• Requirement:
Without the pictures, copy all of the data exactly.

(Exercise inputs begins)

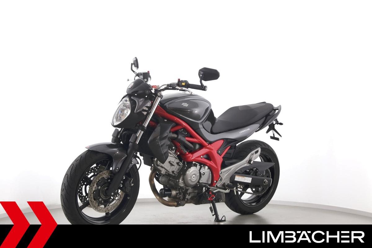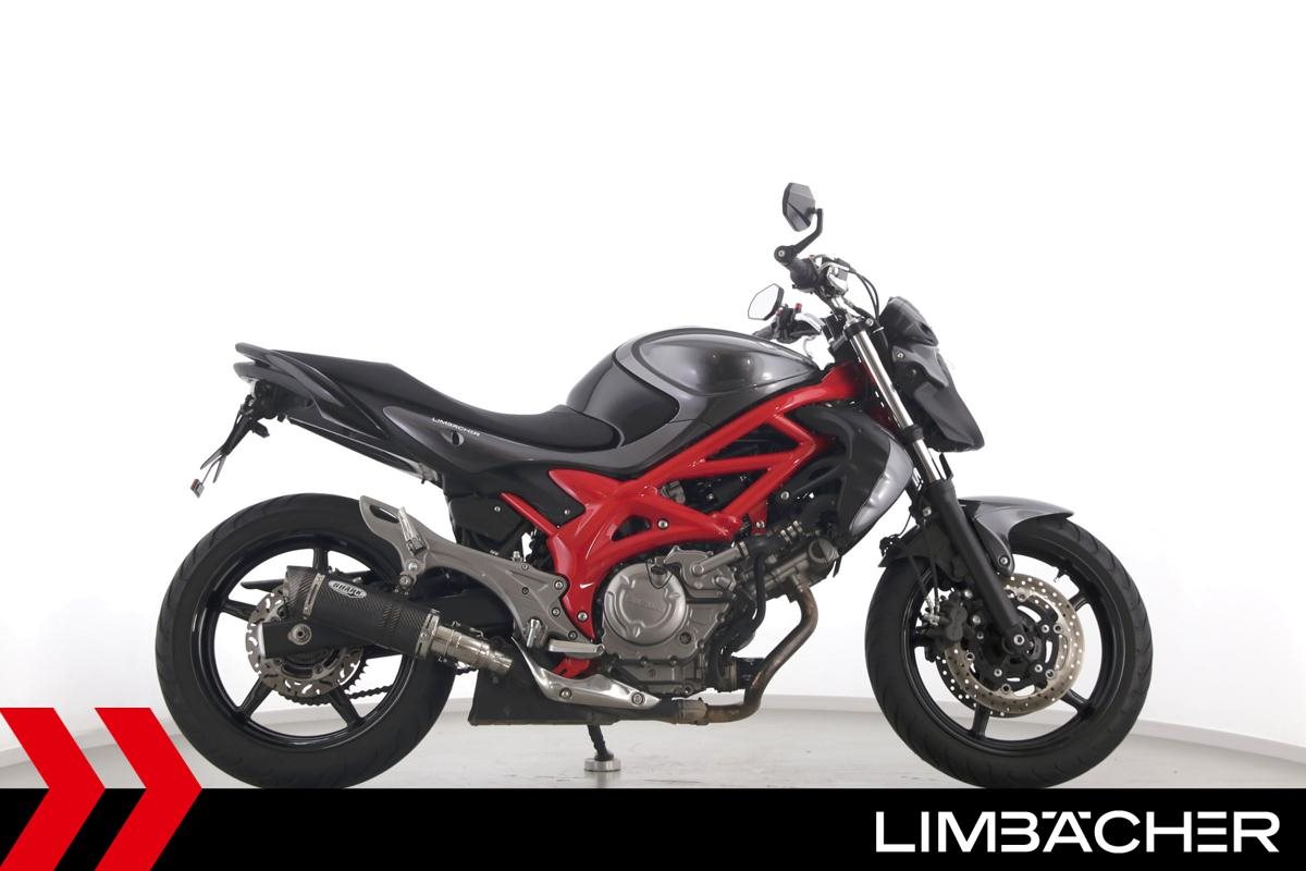 Eine scheckheftgepflegte Suzuki SFV 650 Gladius aus zweiter Hand in gepflegtem Zustand u.a. mit Tieferlegung und Shark-Carbon-Endschalldämpfer.
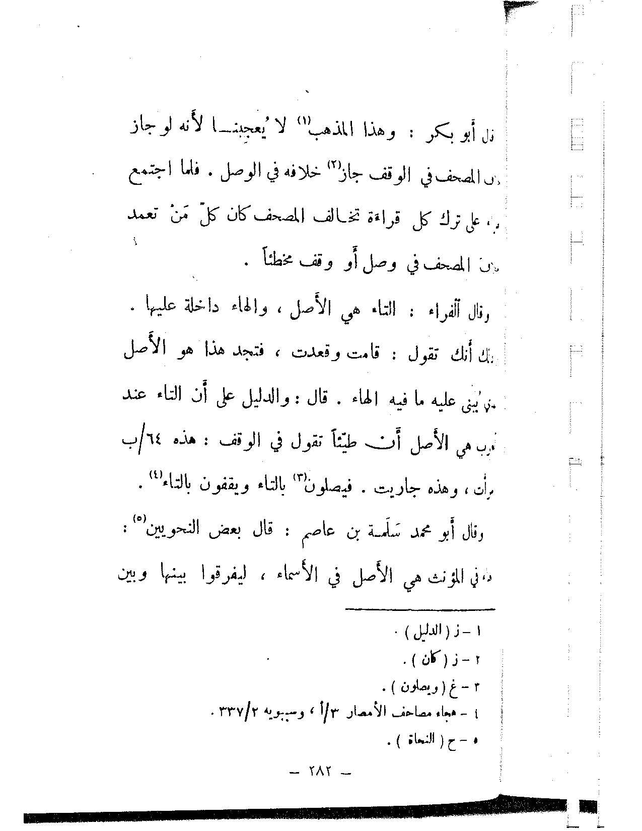 قال أبو بكر: وهذا المذهب لا يعجبنا لأنه لو جاز في المصحف في الوقف جاز خلافه في الوصل. فلما اجتمع الفراء على ترك كل قراءة تخالف المصحف كان كل من تعمد في المصحف في وصل أو وقف مخطئًا.
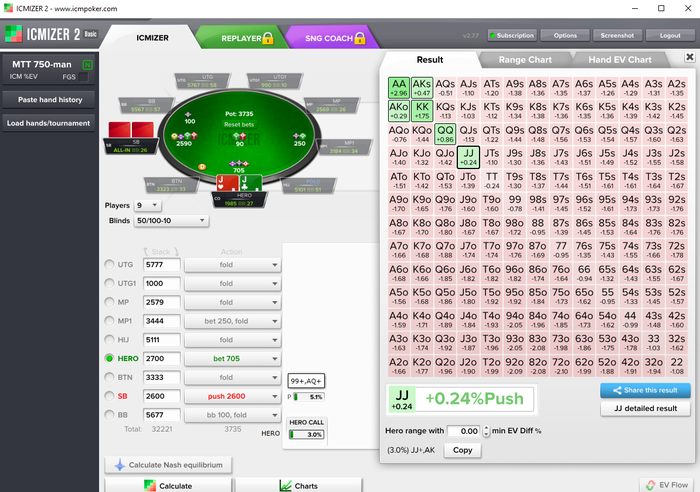 fold, fold, fold, MP+1 raises to 2.25 BB, fold, Hero raises to 7 BB, fold, SB raises to 25.74 BB and is all-in, fold, fold, fold
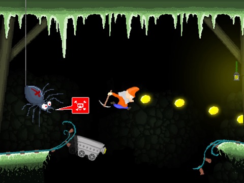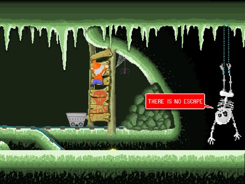 Jump, duck, hack and jump again to get away from the caving in cave.
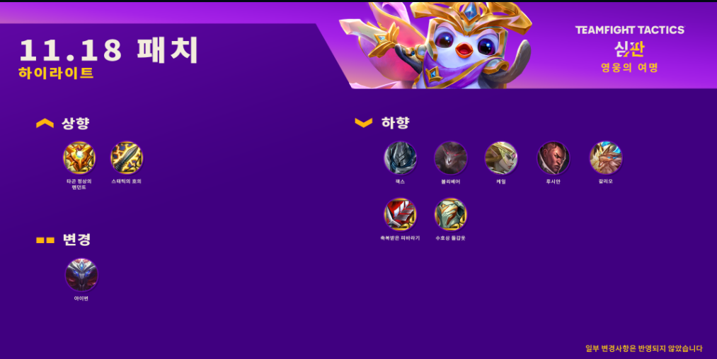 이번시간에는 롤토체스(전략적 팀 전투) 11.18 패치노트에 대해서 알아보려고 합니다. 이번 패치도 지난 패치와 마찬가지로 그렇게 큰 대규모 변화는 없지만 그래도 여러 챔피언들이 너프를 당했고 아이템 역시 변경점이 있으니 확인해두어야 실제 게임 플레이에서 더 좋은 결과를 거둘 수 있겠죠? 그렇다면 변경점들을 한번 살펴보도록 하겠습니다.

(Exercise inputs ends)

• Answer to this task:
 Eine scheckheftgepflegte Suzuki SFV 650 Gladius aus zweiter Hand in gepflegtem Zustand u.a. mit Tieferlegung und Shark-Carbon-Endschalldämpfer.
 قال أبو بكر: وهذا المذهب لا يعجبنا لأنه لو جاز في المصحف في الوقف جاز خلافه في الوصل. فلما اجتمع الفراء على ترك كل قراءة تخالف المصحف كان كل من تعمد في المصحف في وصل أو وقف مخطئًا.
 fold, fold, fold, MP+1 raises to 2.25 BB, fold, Hero raises to 7 BB, fold, SB raises to 25.74 BB and is all-in, fold, fold, fold
 Jump, duck, hack and jump again to get away from the caving in cave.
 이번시간에는 롤토체스(전략적 팀 전투) 11.18 패치노트에 대해서 알아보려고 합니다. 이번 패치도 지난 패치와 마찬가지로 그렇게 큰 대규모 변화는 없지만 그래도 여러 챔피언들이 너프를 당했고 아이템 역시 변경점이 있으니 확인해두어야 실제 게임 플레이에서 더 좋은 결과를 거둘 수 있겠죠? 그렇다면 변경점들을 한번 살펴보도록 하겠습니다.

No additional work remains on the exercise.